## Using Phi-3 as relevance judge

In this notebook we will use [Phi-3](https://huggingface.co/microsoft/Phi-3-mini-4k-instruct) as a relevance judge between a query and a document. 

## Requirements

For this notebook, you will need a working Python environment (**Python 3.10.x** or later) and some Python dependencies:
- `torch`, to use PyTorch as our backend
- Huggingface's `transformers` library
- `accelerate` and`bitsandbytes` for quantization support (a GPU is required to enable quantization)
- `scikit-learn` for metrics computation
- `pandas` for generic data handling

## Installing packages

Let's start by installing the necessary Python libraries (preferably in a virtual environment)


In [None]:
!pip install -U torch transformers accelerate bitsandbytes scikit-learn pandas

---

## Implementation

First, the necessary imports:

In [None]:
from collections import Counter
from functools import partial
from typing import Any, Iterable, List, Optional
import json
import re

from sklearn.metrics import f1_score, precision_score, recall_score
from transformers import (
    AutoModelForCausalLM,
    AutoTokenizer,
    BitsAndBytesConfig,
    pipeline,
)
import pandas as pd
import torch

Now, let's create a class that will responsible for loading the `Phi-3` model and perform inference on its inputs. A few notes before we dive into the code:
* Even though Phi-3 is a small language model (SLM) with a parameter count of 3.8B we load it with 4-bit quantization that makes it a good choice even for consumer-grade GPUs
* Following the example code provided in the corresponding HF page [here](https://huggingface.co/microsoft/Phi-3-mini-4k-instruct) we are also using text generation pipelines to perform inference. More optimized setups are possible but out of scope for this notebook
* Regular expressions are used to extract the answer from the LLM output. The `response_types` argument defines the set of acceptable classes (e.g. `Relevant`, `Not Relevant`)
* There are two options for decoding:
    * `greedy decoding`, where sampling is disabled and the outputs are (more or less) deterministic
    * `beam decoding`, where multiple LLM calls for the same set of inputs are performed and the results are aggregated through majority voting. In the code below `iterations` is the number of LLM calls requested with an appropriate setting for the `temperature` (e.g. 0.5)



In [None]:
def get_device_map():
    """Retrieve the backend"""
    if torch.cuda.is_available():
        return "cuda"

    if torch.backends.mps.is_available():
        return "mps"

    return "auto"


class Phi3Evaluator:
    """Evaluator based on the Phi-3 model"""

    def __init__(
        self,
        model_name_or_path: str,
        response_types: List[str],
        iterations: int = 1,
        temperature: float = 0.0,
    ):

        # set 4-bit quantization
        quant_config = BitsAndBytesConfig(load_in_4bit=True)
        model = AutoModelForCausalLM.from_pretrained(
            model_name_or_path,
            torch_dtype="auto",
            trust_remote_code=True,
            device_map=get_device_map(),
            quantization_config=quant_config if get_device_map() == "cuda" else None,
        )
        tokenizer = AutoTokenizer.from_pretrained(model_name_or_path)

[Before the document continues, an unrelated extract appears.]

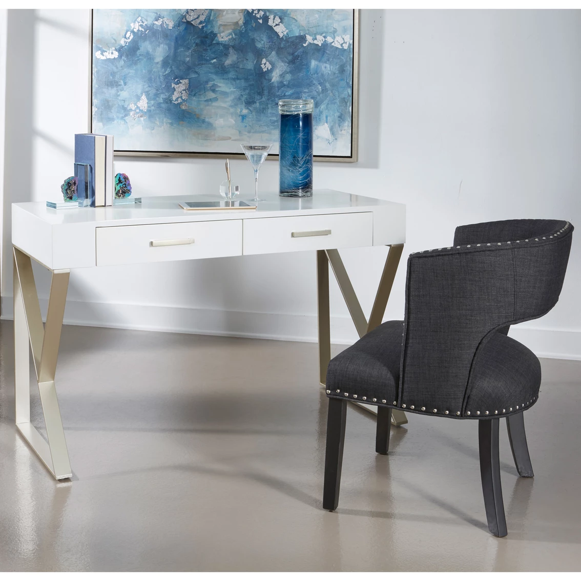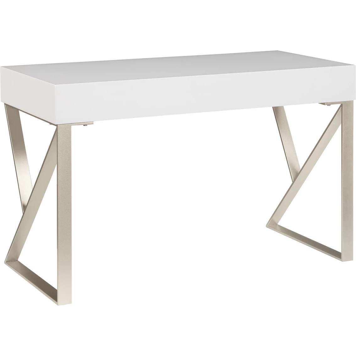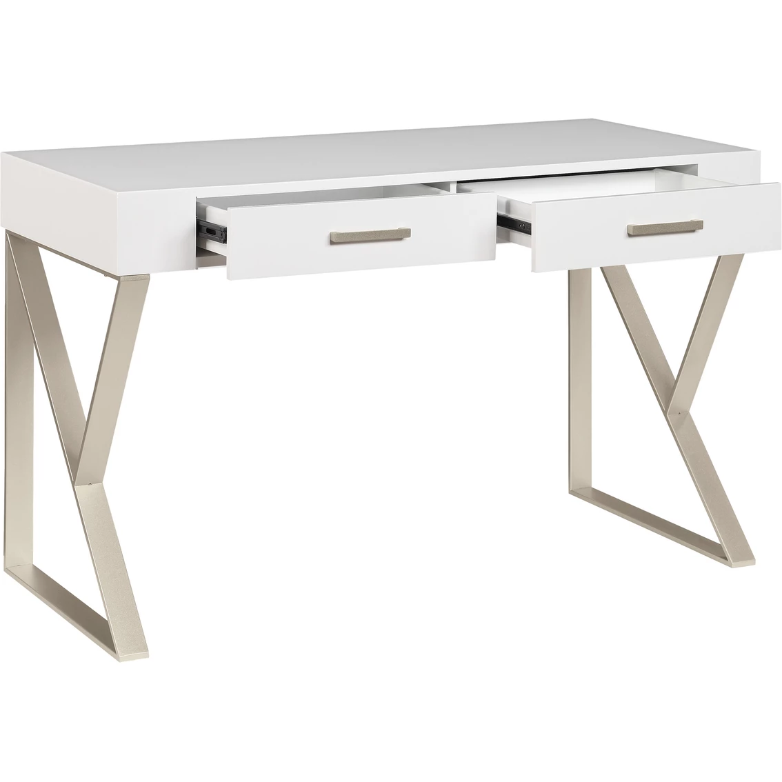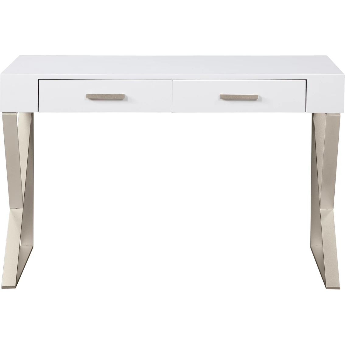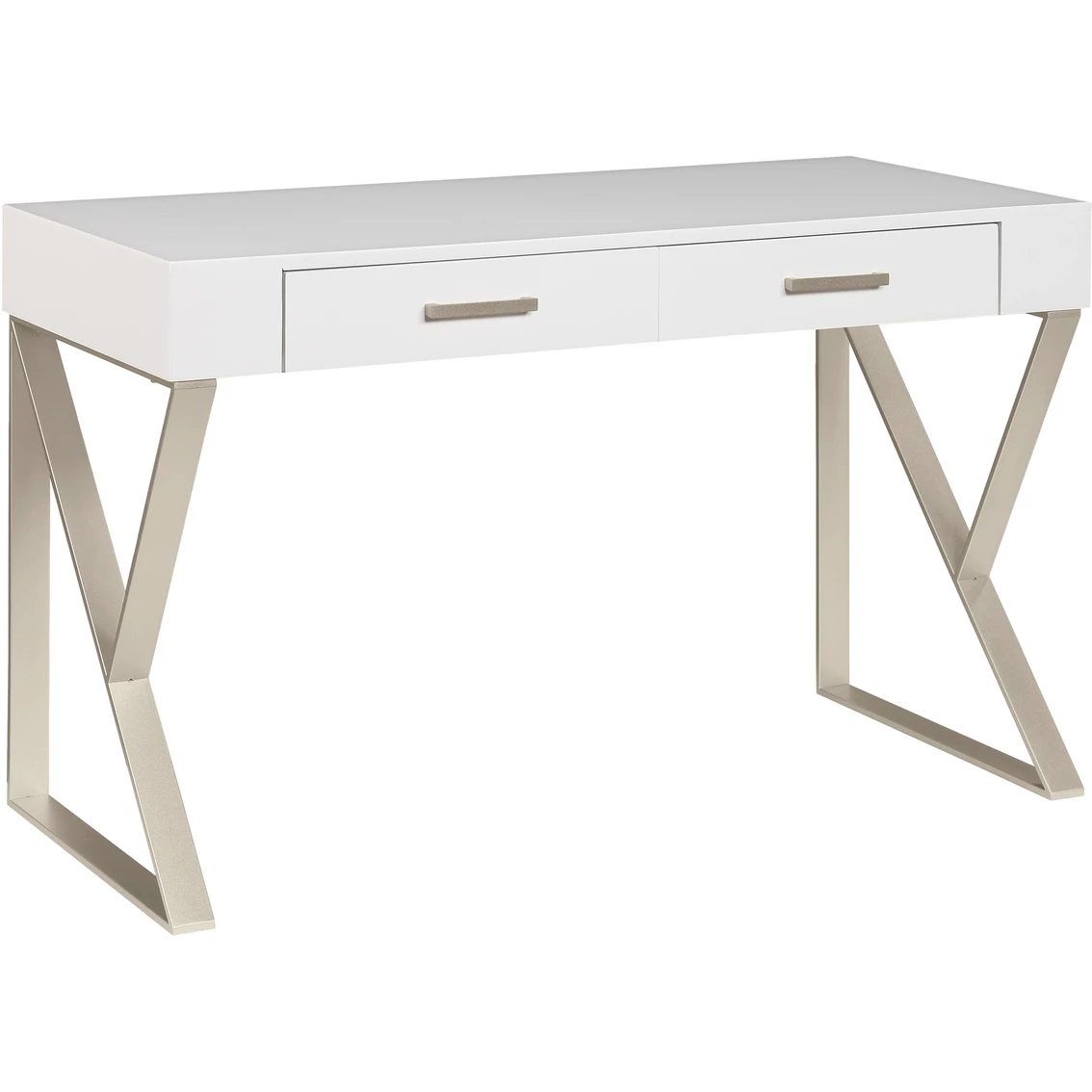 The clean lines of this Two Drawer Writing Desk from Coast to Coast Accents has that modern flair, with angled silvery metal legs holding aloft the spacious top, all finished in a scrumptious Dreamy White and Champagne Lights for a fresh open appearance. Matching hardware adorn the two drawers, where you have an abundance of storage for your laptop and writing supplies. Perfect for your home office or kitchen, or even for in your playroom for puzzles and games! Fun! Assembly required. Model: 55643.

        # defining the text generation pipeline
        self.pipeline = pipeline(
            "text-generation",
            model=model,
            tokenizer=tokenizer,
            device_map=get_device_map(),
        )
        # define an appropriate regex for the expected outputs
        self.regex_str = (
            r"(" + r"|".join(response_types) + r")" if response_types else None
        )
        # temperature setting
        self._temperature = temperature
        # number of LLM calls
        self._iterations = iterations

    def _get_generation_args(self):
        """Arguments for the text generation pipeline"""
        if self._temperature > 0.0:
            return {
                "return_full_text": False,
                "temperature": self._temperature,
                "do_sample": True,
                "num_return_sequences": self._iterations,
                "num_beams": 2 * self._iterations,
            }
        return {
            "return_full_text": False,
            "do_sample": False,
            "num_return_sequences": 1,
        }

    def __call__(
        self, prompts: Iterable[str], max_output_tokens: int, batch_size: int = 8
    ) -> Iterable[str]:
        """Generate responses to the given prompts"""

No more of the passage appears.